Start of RECORDED DATA

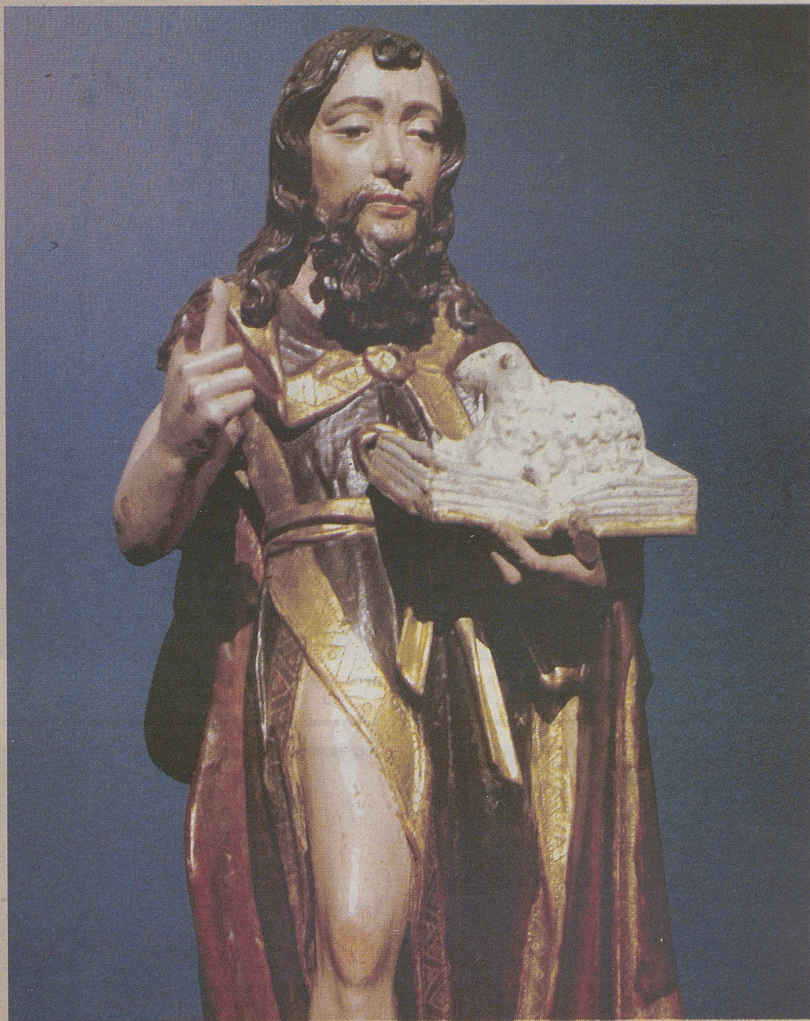
'San Juan Bautista' se puede observar en el Capítulo V de 'Testigos'. / RAÚL SANCHIDRIÁN

personas visitaron 'Testigos' durante las dieciocho primeras semanas
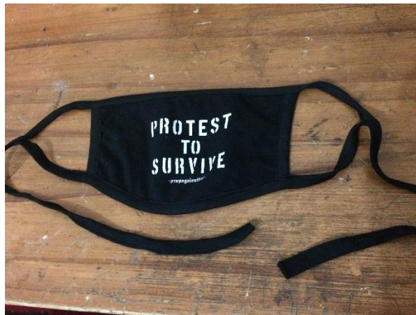
Gambar II.3 Produk masker Propagainstdist
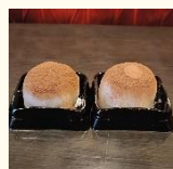
【エールカフェ】 トバイチョコレート
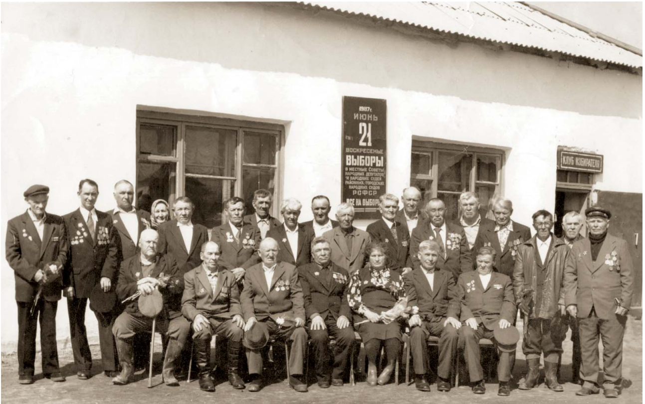
Ветераны Великой Отечественной войны — жители с. Неплюевка. 1987 г.
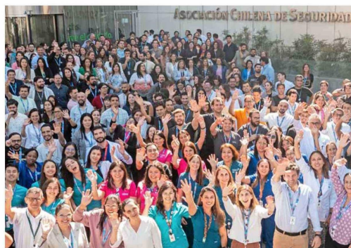
En el Día del Trabajador se inauguraron las nuevas instalaciones del Hospital del Trabajador Achs Salud.
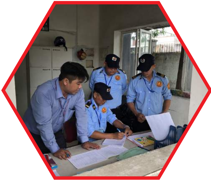
BẢO VỆ NHÀ MÁY, XÍ NGHIỆP FACTORY AND FACTORY PROTECTION
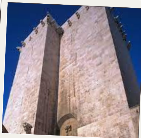
S'AVANZADA E SAN PANCRAZIO
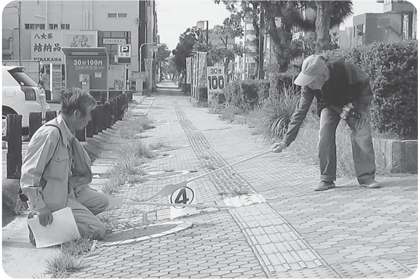
「歩道の傾斜がひどく、通行に危険」と申入れ後、歩道の大規模な改修工事へとつながりました。

街角ウォッチングは09年秋に大牟田4カ所で実施し、市や県に申し入れ後、工事につながったりと、大きな成果をあげました。 今年も大牟田市市内4カ所で実施します。ぜひ、近所の方はいっしょに仕事おこしの行動に参加ください。 集合場所や時間などは組合事務所まで。 玉川校区 10月15日(土) 白川校区 10月22日(土) 倉永校区 10月27日(土) 三川地域 未定

End of RECORDED DATA

== WHAT YOU ARE ASKED TO DO ==
Output the line that contains "personas visitaron 'Testigos'" and every subsequent line through the end of the entries, exactly as given, without pictures.

== EXPECTED ANSWER ==
personas visitaron 'Testigos' durante las dieciocho primeras semanas
Gambar II.3 Produk masker Propagainstdist
【エールカフェ】 トバイチョコレート
Ветераны Великой Отечественной войны — жители с. Неплюевка. 1987 г.
En el Día del Trabajador se inauguraron las nuevas instalaciones del Hospital del Trabajador Achs Salud.
BẢO VỆ NHÀ MÁY, XÍ NGHIỆP FACTORY AND FACTORY PROTECTION
S'AVANZADA E SAN PANCRAZIO
「歩道の傾斜がひどく、通行に危険」と申入れ後、歩道の大規模な改修工事へとつながりました。

街角ウォッチングは09年秋に大牟田4カ所で実施し、市や県に申し入れ後、工事につながったりと、大きな成果をあげました。 今年も大牟田市市内4カ所で実施します。ぜひ、近所の方はいっしょに仕事おこしの行動に参加ください。 集合場所や時間などは組合事務所まで。 玉川校区 10月15日(土) 白川校区 10月22日(土) 倉永校区 10月27日(土) 三川地域 未定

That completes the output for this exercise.